Information provided by contributing law firm: King & Wood Mallesons
Australia’s Federal Court Finds No Duty of Care Owed to Australian Citizens
On July 15, the Federal Court of Australia decided in Pabai v. Commonwealth of Australia that the federal government owes no duty of care to take reasonable steps to protect vulnerable communities from the impacts of climate change, rejecting an attempt to have the court intervene in climate policy. The central issue of this case was whether the common law tort of negligence can provide residents of the Torres Strait Island (the plaintiffs) with a remedy for their claim of Australia’s unreasonable and inadequate response to the existential risks posed by climate change and its impact on the island. While the court rejected the plaintiff’s arguments, the court found that when the Commonwealth identified and set its greenhouse gas emissions reduction targets in 2015, 2020 and 2021, it failed to engage with the best available science indicated was required for Australia to play its part in the global effort to moderate or reduce climate change and its impacts.
Information provided by contributing law firm: King & Wood Mallesons
International Court of Justice Releases Advisory Opinion on Climate Change
On July 23, the International Court of Justice (ICJ) issued an advisory opinion in response to a request for an opinion from the Pacific Island State of Vanuatu in September 2021. The opinion ruled that state parties to the United Nations Framework Convention on Climate Change, the Kyoto Protocol and the Paris Agreement have an obligation to protect the environment from GHG emissions and to act with due diligence and cooperate to fulfill this obligation.
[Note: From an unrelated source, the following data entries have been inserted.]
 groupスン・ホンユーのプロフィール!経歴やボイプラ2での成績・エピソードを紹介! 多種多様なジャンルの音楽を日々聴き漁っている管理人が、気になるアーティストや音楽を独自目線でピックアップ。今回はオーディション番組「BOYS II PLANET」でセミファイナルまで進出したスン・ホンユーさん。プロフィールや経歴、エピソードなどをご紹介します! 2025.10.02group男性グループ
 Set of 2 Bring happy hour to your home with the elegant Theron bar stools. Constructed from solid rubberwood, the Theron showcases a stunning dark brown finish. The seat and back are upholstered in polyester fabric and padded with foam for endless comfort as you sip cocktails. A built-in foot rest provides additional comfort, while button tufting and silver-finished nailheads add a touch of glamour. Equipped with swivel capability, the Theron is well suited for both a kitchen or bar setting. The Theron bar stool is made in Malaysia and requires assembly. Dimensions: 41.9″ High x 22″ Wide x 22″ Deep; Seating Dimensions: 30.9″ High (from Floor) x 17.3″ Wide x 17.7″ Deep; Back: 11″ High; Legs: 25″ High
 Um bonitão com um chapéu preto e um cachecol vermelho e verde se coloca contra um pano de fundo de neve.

To the extent states breach these obligations, according to the ICJ opinion, they incur legal responsibility and may be required to cease the wrongful conduct, offer guarantees of non-repetition and make full reparation depending on the circumstances. In support of its ruling, the Court relied on several landmark climate change and environmental treaties, including ozone layer treaties, the Biodiversity Convention, the Kyoto Protocol and the Paris Agreement.
Standards
Science Based Targets Initiative Releases First Financial Institutions Net-Zero Standard
On July 22, SBTi released its first Financial Institutions Net-Zero Standard, enabling banks, asset owners and managers, private equity firms and other financial institutions to set science-based targets aligned with net-zero standards and establish goals to achieve net-zero emissions by 2050. The SBTi released an Executive Summary outlining key details and highlights of the new Standard, including steps to ceasing new financial activities in the fossil fuel industry.
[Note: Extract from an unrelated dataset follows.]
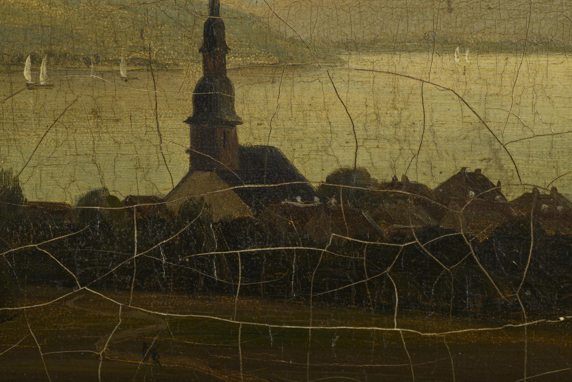 Wide river landscape with villages on the banks below the mountains in the warm sunshine. One restored area with backing.

Climate Action 100+ Announces Simplification of Benchmark
On August 13, the Chair of the Climate Action 100+ global steering committee announced plans to simplify and streamline its net-zero corporate benchmark to ensure the tool remains “actionable and relevant.” The benchmark assesses the net-zero progress of the Climate Action 100+ member companies across a series of indicators including the establishment of net-zero targets, capex, policy engagement and reduction in emissions. Feedback from stakeholders will be considered within strategic Climate Action 100+ committee discussions from 2026 onward.